Contrairement à Pétain, le général de Gaulle ne regarde pas vers le passé mais vers l’avenir, un avenir
dans lequel il souhaite que la France retrouve ses valeurs républicaines. Cela passe par le fait que le pays doit
retrouver « la souveraineté complète de la nation sur elle-même » autrement dit la possibilité de voter, de
choisir ses dirigeants librement. Cet idéal démocratique est au cœur des valeurs de la République. La guerre
n’étant pas terminée, de Gaulle est évidemment préoccupé de « la restauration de la complète intégrité du
territoire » mais il ne lui paraît pas concevable que cela ne s’accompagne pas du retour de la République. Chef
de la France Libre, et même si cela n’a pas été le cas dans les premiers temps, de Gaulle se pose en garant de
la République et de ses valeurs. Il s’agit d’un retour à la situation d’avant la guerre et donc à une négation
totale de la valeur du régime mis en place par Pétain (« toutes leurs libertés intérieures devront leur être
rendues »).
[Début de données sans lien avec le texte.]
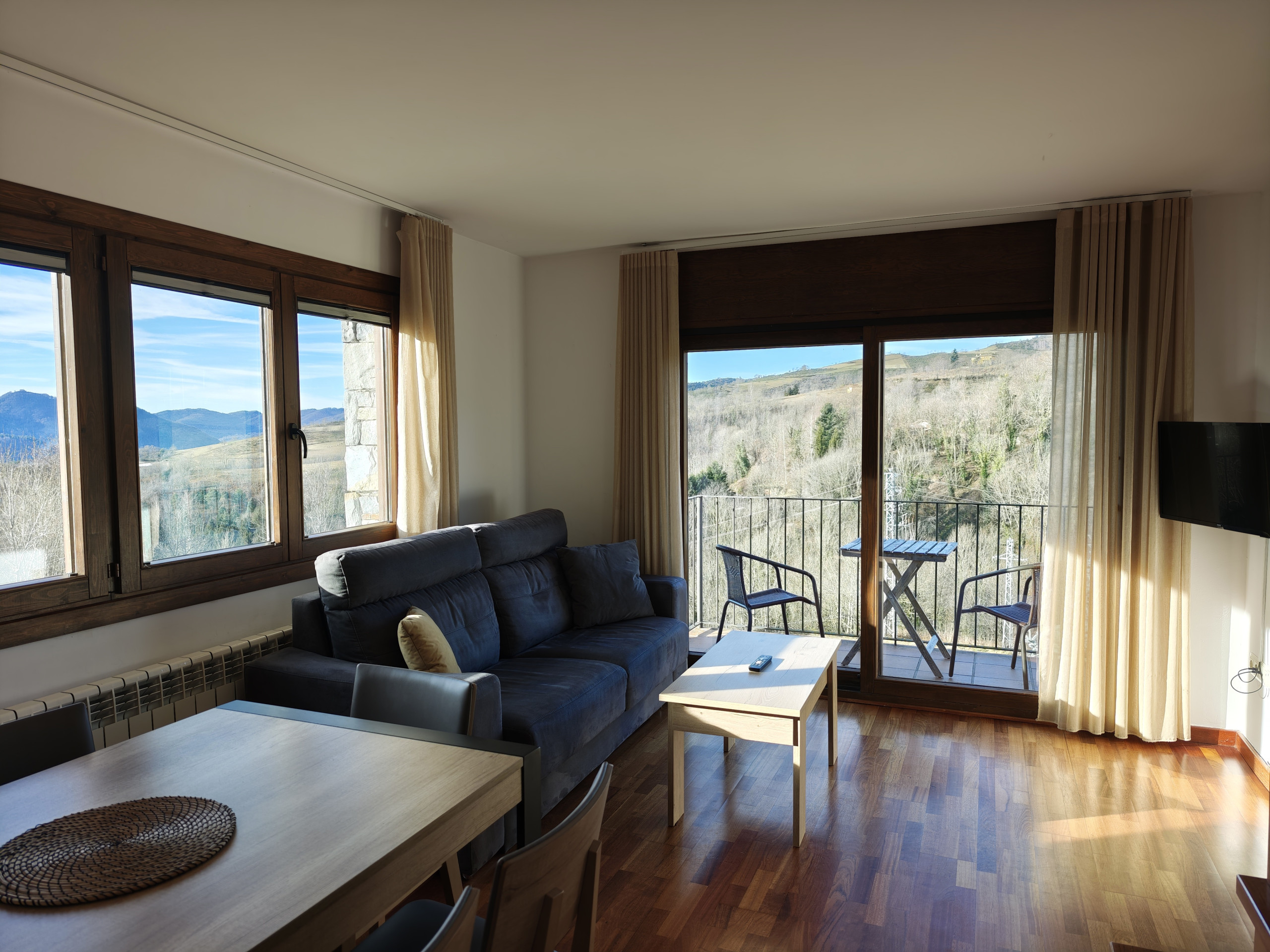 Desconecta de la rutina en este alojamiento único y relajante, ubicado en Espinavell, Molló, rodeado de naturaleza por todas partes.Este apartamento en medio de la naturaleza está ubicado en Espinavell (Molló), en la provincia de Girona. El alojamiento de 1 planta es ideal para grupos o famílias ya que puede alojar hasta un máximo de 6 personas. Su interior contiene: 2 dormitorios equipados. En uno encontrarás una cama de matrimonio, en otro hay 2 camas individuales. Todas ellas están vestidas con sábanas y colchas. Incluyen un armario, cómodas y mesillas. 1 cuarto de baño completo. Dispone de una ducha. Podrás utilizar los juegos de toallas, artículos de aseo y un secador de pelo. Una sala de estar espaciosa. Cuenta con una chimenea de leña, un televisor, un sofá cama ideal para grupos de 6 personas. Hay unas ventanas que permiten que entre la luz del sol y disfrutar de unas espectaculares vistas a todo el Valle. Una zona de comedor en el salón. En ella hay una mesa de madera con 6 cómodas sillas. Una cocina completa. Dispone de vajilla y menaje en sus armaritos. Además encontrarás electrodomésticos como un microondas, nespresso y un frigorífico. En el exterior del apartamento hay: Zonas de aparcamiento donde podrás dejar tu vehículo durante tus vacaciones. Zona de BarbacoaEl apartamento está en la zona rural de Molló, en la provincia de Girona. Estarás cerca de preciosos parques naturales.Podrás hacer rutas de senderismo en este parque. Una de ellas te llevará hasta el pico de Costabona, allí tendrás unas vistas del paisaje espectaculares.En otros parques naturales cercanos podrás realizar divertidas actividades de aventura en unos circuitos o ver increíbles animales de la zona. Estarás muy cerca de Francia. Si cruzas el frontera a Francia tendrás la opción de visitar la bonita Torre del Mir, que está a 40 minutos en coche más o menos.3 comentarios

Il s’agit aussi d’essayer d’aller au-delà des institutions d’avant 1940 afin d’en réformer « les
abus ».
Le général de Gaulle va effectivement plus loin dans cette déclaration qu’une simple restauration à
travers laquelle il veut convaincre les mouvements de résistance, souvent marqués à gauche, de ses idées
républicaines mais aussi de sa capacité à les faire progresser. Ainsi il ne se contente pas d’annoncer le retour
du suffrage universel, il affirme que « tous les hommes et toutes les femmes de chez nous éliront
souverainement l’Assemblée nationale qui décidera souverainement des destinées du pays » ; c’est donc
reconnaître l’égalité civique et politique entre les sexes, égalité qui jusque là avait toujours été rejetée par les
législateurs. Il va même plus loin en défendant le principe de « garanties pratiques qui assureront à chacun la
liberté et la dignité dans son travail et dans son existence » ; on peut trouver là la volonté de mettre en place
une république plus sociale qui s’appuie sur l’idée de l’Etat-providence. Une idée qui annonce déjà le futur
programme du CNR (Conseil National de la Résistance) en 1944.
A travers ces deux documents, on peut percevoir la totale opposition entre les idées réactionnaires du
maréchal Pétain et celles tournées vers un progrès démocratique du général de Gaulle. Au cours de la
Seconde Guerre mondiale, la République (mais aussi les Français) est condamnée à attendre de connaître
l’issue des combats pour savoir ce que sera son réel avenir.
Les deux auteurs de ces textes ne sont bien évidemment pas objectifs, ils cherchent à convaincre l’un
en agitant le spectre de l’effondrement national, l’autre en exaltant la grandeur de la France et de ses valeurs
républicaines. Les documents permettent bien de voir s’affronter les idées en présence ; toutefois, ils ne
portent que sur la période du début de la Seconde Guerre mondiale et ne peuvent donc informer sur la
situation de la France dans la deuxième partie du conflit (après l’invasion de tout le pays par les Allemands par
exemple). Surtout, à travers ces deux conceptions opposées, on ne peut pas discerner l’évolution de tous ceux
qui en France ont été tentés successivement, voire simultanément, par les deux messages.